There is evidence that a therapeutic ketogenic diet is beneficial for people with epilepsy, Alzheimer's, Type 2 diabetes, and some other conditions.

If you struggle with energy swings and carb cravings, it may be easier to cut out those hyper-palatable foods altogether, especially if they aren't nutrient-dense. A healthy low-carb diet can support weight loss, improve energy, and eliminate energy crashes throughout the day. And when done well with a focus on real, nutrient-dense foods, a keto diet can help improve health, performance, and body composition.

prepared avocado

What are the cons?

If you are used to a higher protein or higher carb approach, it can seem restrictive. And if you make the switch to keto style eating abruptly, many people experience a period of adaptation known as the “keto flu” with symptoms like low energy, headaches, and constipation, although that usually goes away in a few days.

Some people may find that it is easy to overconsume calories eating keto, leading to weight gain even if they feel they're eating healthier or eating less food. This is largely because fat is the most calorie-dense macronutrient: 9 calories per gram rather than the 4 calories per gram of protein and carbs. And while fat is satiating, it's still easy to overconsume tasty high-calorie foods like butter, cream, nuts and nut butters, and keto baked goods.

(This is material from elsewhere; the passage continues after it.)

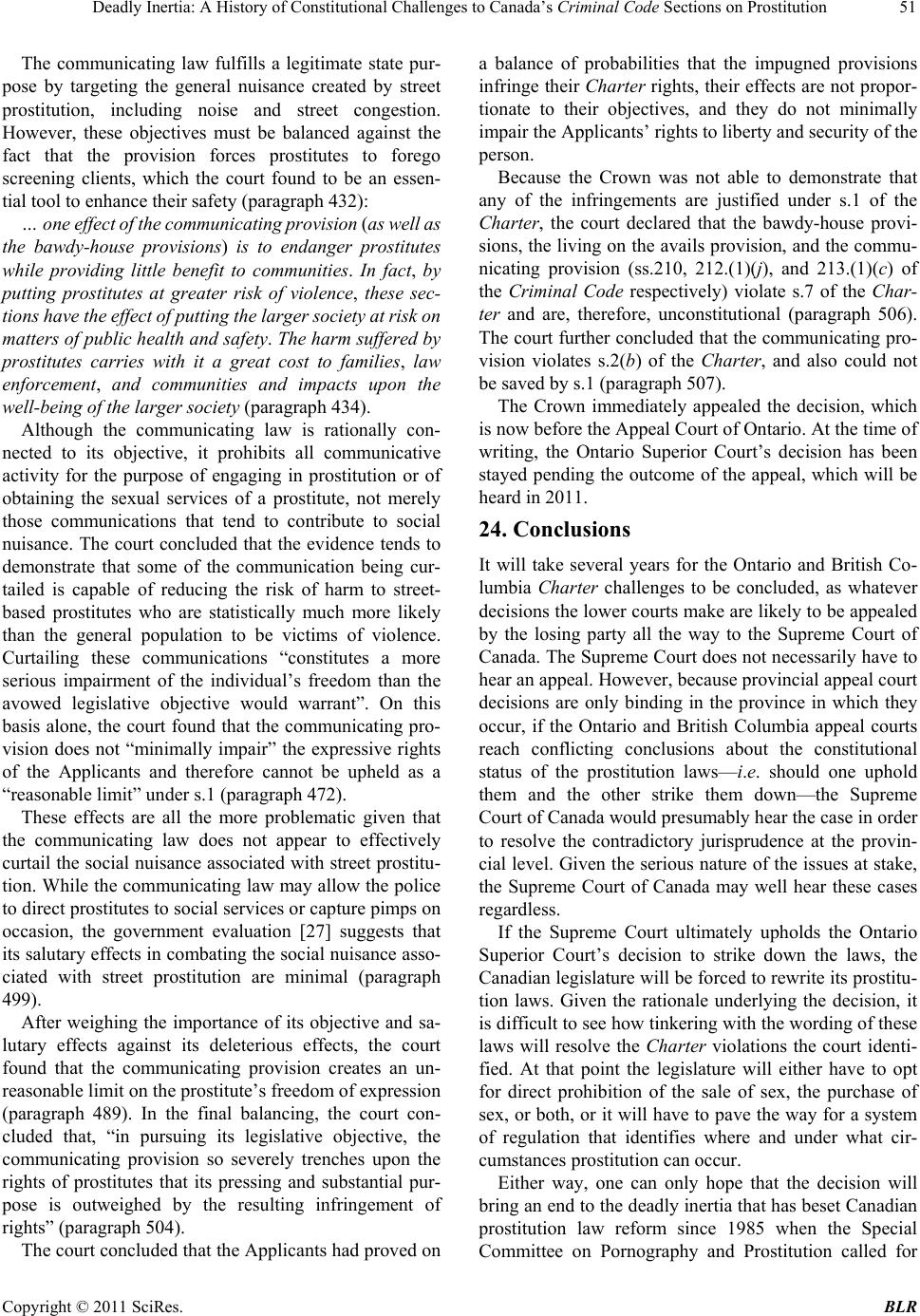Deadly Inertia: A History of Constitutional Challenges to Canada’s Criminal Code Sections on Prostitution51 The communicating law fulfills a legitimate state pur- pose by targeting the general nuisance created by street prostitution, including noise and street congestion. However, these objectives must be balanced against the fact that the provision forces prostitutes to forego screening clients, which the court found to be an essen- tial tool to enhance their safety (paragraph 432): … one effect of the communicat ing provision (as well as the bawdy-house provisions) is to endanger prostitutes while providing little benefit to communities. In fact, by putting prostitutes at greater risk of violence, these sec- tions have the effect of putting the larger society at risk on matters of public health and safety. Th e harm suffere d by prostitutes carries with it a great cost to families, law enfor cement, and communities and impacts upon the well-being of the larger society (paragraph 434). Although the communicating law is rationally con- nected to its objective, it prohibits all communicative activity for the purpose of engaging in prostitution or of obtaining the sexual services of a prostitute, not merely those communications that tend to contribute to social nuisance. The court concluded that the evidence tends to demonstrate that some of the communication being cur- tailed is capable of reducing the risk of harm to street- based prostitutes who are statistically much more likely than the general population to be victims of violence. Curtailing these communications “constitutes a more serious impairment of the individual’s freedom than the avowed legislative objective would warrant”. On this basis alone, the court found that the communicating pro- vision does not “minimally impair” the expressive rights of the Applicants and therefore cannot be upheld as a “reasonable limit” under s.1 (paragraph 472). These effects are all the more problematic given that the communicating law does not appear to effectively curtail the social nuisance asso ciated with street prostitu- tion. While the communicatin g law may allow the police to direct prostitutes to social services or cap ture pimps on occasion, the government evaluation [27] suggests that its salutary effects in combating the social nuisance asso- ciated with street prostitution are minimal (paragraph 499). After weighing the importance of its objective and sa- lutary effects against its deleterious effects, the court found that the communicating provision creates an un- reasonable limit on the prostitu te’s freedom of expression (paragraph 489). In the final balancing, the court con- cluded that, “in pursuing its legislative objective, the communicating provision so severely trenches upon the rights of prostitutes that its pressing and substantial pur- pose is outweighed by the resulting infringement of rights” (paragraph 504). The court concluded that the Applicants had proved on a balance of probabilities that the impugned provisions infringe their Charter rights, their effects are not propor- tionate to their objectives, and they do not minimally impair the Applicants’ rights to liberty and secu rity of the person. Because the Crown was not able to demonstrate that any of the infringements are justified under s.1 of the Charter, the court declared that the bawdy-house provi- sions, the living on the avails provision, and the commu- nicating provision (ss.210, 212.(1)(j), and 213.(1)(c) of the Criminal Code respectively) violate s.7 of the Char- ter and are, therefore, unconstitutional (paragraph 506). The court further concluded that the communicating pro- vision violates s.2(b) of the Charter, and also could not be saved by s.1 (paragraph 507). The Crown immediately appealed the decision, which is now before the Appeal Court of Ontario. At the time of writing, the Ontario Superior Court’s decision has been stayed pending the outcome of the appeal, which will be heard in 2011. 24. Conclusions It will take several years for the Ontario and British Co- lumbia Charter challenges to be concluded, as whatever decisions the lower courts make are likely to be appealed by the losing party all the way to the Supreme Court of Canada. The Supreme Court does not necessarily have to hear an appeal. However, because provincial appeal court decisions are only binding in the province in which they occur, if the Ontario and British Columbia appeal courts reach conflicting conclusions about the constitutional status of the prostitution laws—i.e. should one uphold them and the other strike them down—the Supreme Court of Canada would presumably hear the case in order to resolve the contradictory jurisprudence at the provin- cial level. Given the serious nature of the issu es at stake, the Supreme Court of Canada may well hear these cases regardless. If the Supreme Court ultimately upholds the Ontario Superior Court’s decision to strike down the laws, the Canadian legislatu re will be forced to rewrite its prostitu- tion laws. Given the rationale underlying the decision, it is difficult to see how tinkering with the wording of these laws will resolve the Charter violations the court identi- fied. At that point the legislature will either have to opt for direct prohibition of the sale of sex, the purchase of sex, or both, or it will have to pave the way for a system of regulation that identifies where and under what cir- cumstances prostitution can occur. Either way, one can only hope that the decision will bring an end to the dead ly inertia that has beset Canadian prostitution law reform since 1985 when the Special Committee on Pornography and Prostitution called for Copyright © 2011 SciRes. BLR

Which leads to the next point: nearly any diet can be done in a suboptimal way, and in this case, there's the “dirty keto” approach which prioritizes “hitting macros” over nutrient density and health – basically, you can eat anything as long as you're eating low-carb. This often results in a diet that is high in fat but low in nutrition, as the priority is on eating high-fat foods rather than nutrient-dense ones. An approach with a wide variety of protein sources, low carb veggies, and fewer processed foods is going to meet your macro goals as well as provide needed nutrients.

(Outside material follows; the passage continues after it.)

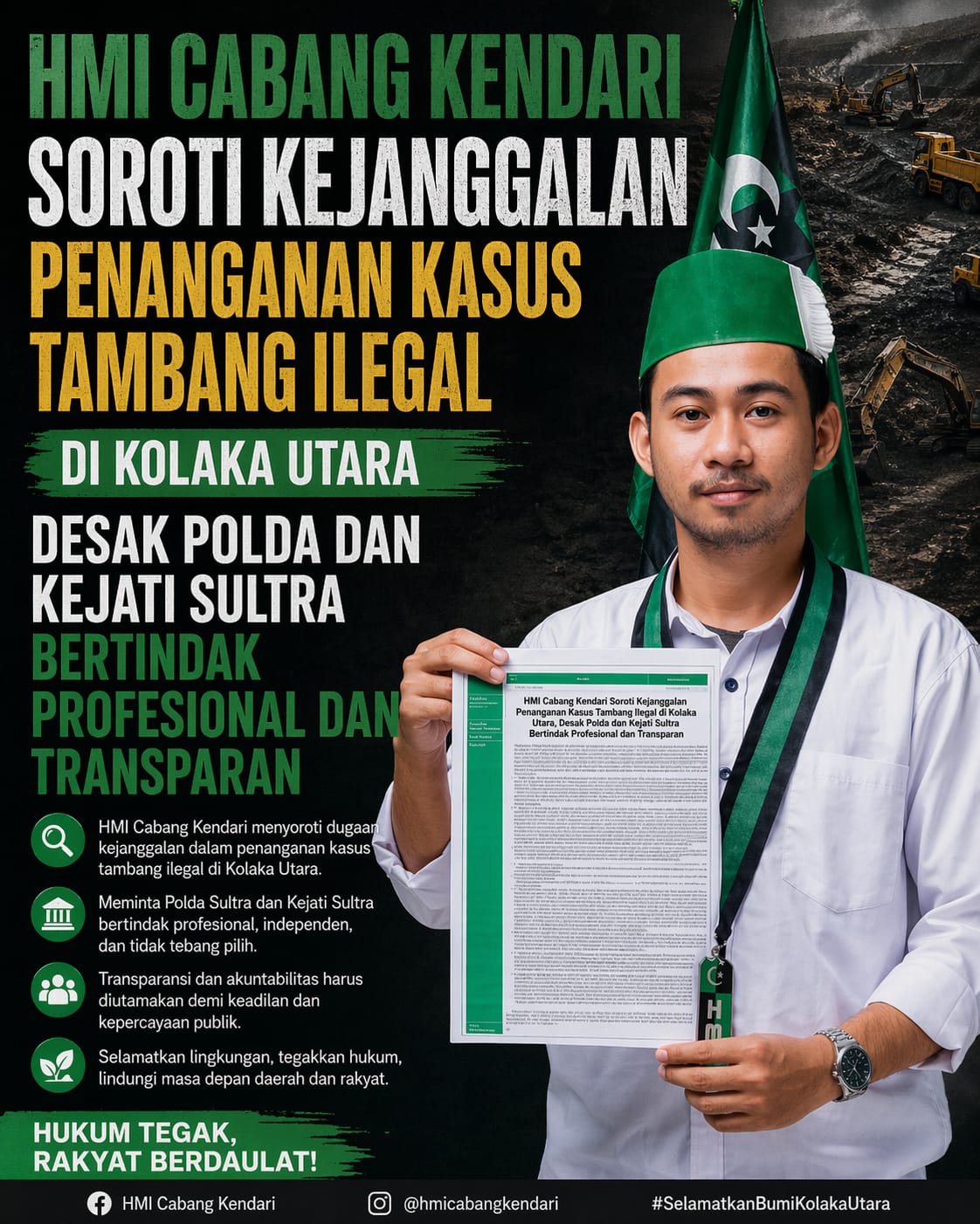 Kendari.Kabengga.Id.. – Himpunan Mahasiswa Islam (HMI) Cabang Kendari menyampaikan sikap tegas terhadap dugaan ketidakkonsistenan dalam penanganan kasus tindak pidana pertambangan ilegal di wilayah IUP PT Kasmar Tiar Raya, Kabupaten Kolaka Utara, Sulawesi Tenggara.

If you are a highly active person, are pregnant or breastfeeding, a low-carb diet may not be ideal for you. The brain operates on glucose/carbohydrate, and low carb diets can result in brain fog and mood swings. In some cases, a high fat diet can result in liver problems as that is where fat is metabolized, and depending on your dietary choices, nutrient deficiency can be a concern if you aren't eating a variety of foods.

So how do I start?

If you decide you'd like to try a keto-style, or just low-carb approach, we think gradual tweaks to your current diet is the best way to go. By making slow, incremental changes, you will increase your chances of adherence, understand how your body actually responds to those changes, and you'll be less likely to experience negative side-effects like the keto flu. If you normally have a serving or two of healthy carbs with every meal, you may want to start by cutting carbs from only one meal a day and see how it impacts your energy and hunger. You can then continue to cut the carbs as desired, making sure you're still getting enough calories to support your body function and daily activity, and adding in healthy fat sources with every meal, things like butter, olive oil, coconut, avocado, nuts and seeds, healthy cheese or dairy products, and higher-fat animal protein like chicken thighs, steak, eggs, and salmon. (We also want to add a caveat that it's a good idea to discuss any dietary changes with your health care provider.)

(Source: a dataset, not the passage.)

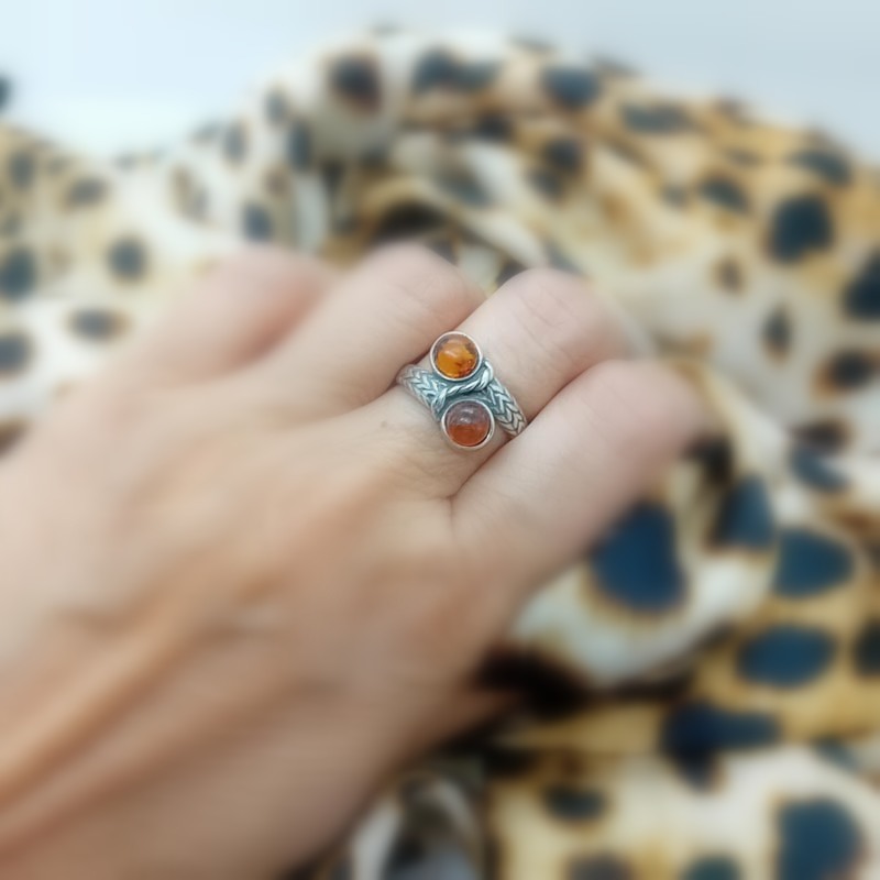 ΔΑΧΤΥΛΙΔΙ ασήμι με πορτοκαλί ημιπολύτιμο λίθο "μάτι της γάτας"

It's important to know that you don't have to be “in ketosis,” producing ketones, or eating fewer than 20 grams of carbs a day to be healthy; many people will notice health benefits simply by reducing carbs and eating more healthy fats. We think that the best dietary approach is one that is full of nutrient-dense foods we enjoy, supports our lifestyle, and still allows for flexibility and fun — and it's up to you to decide what that looks like.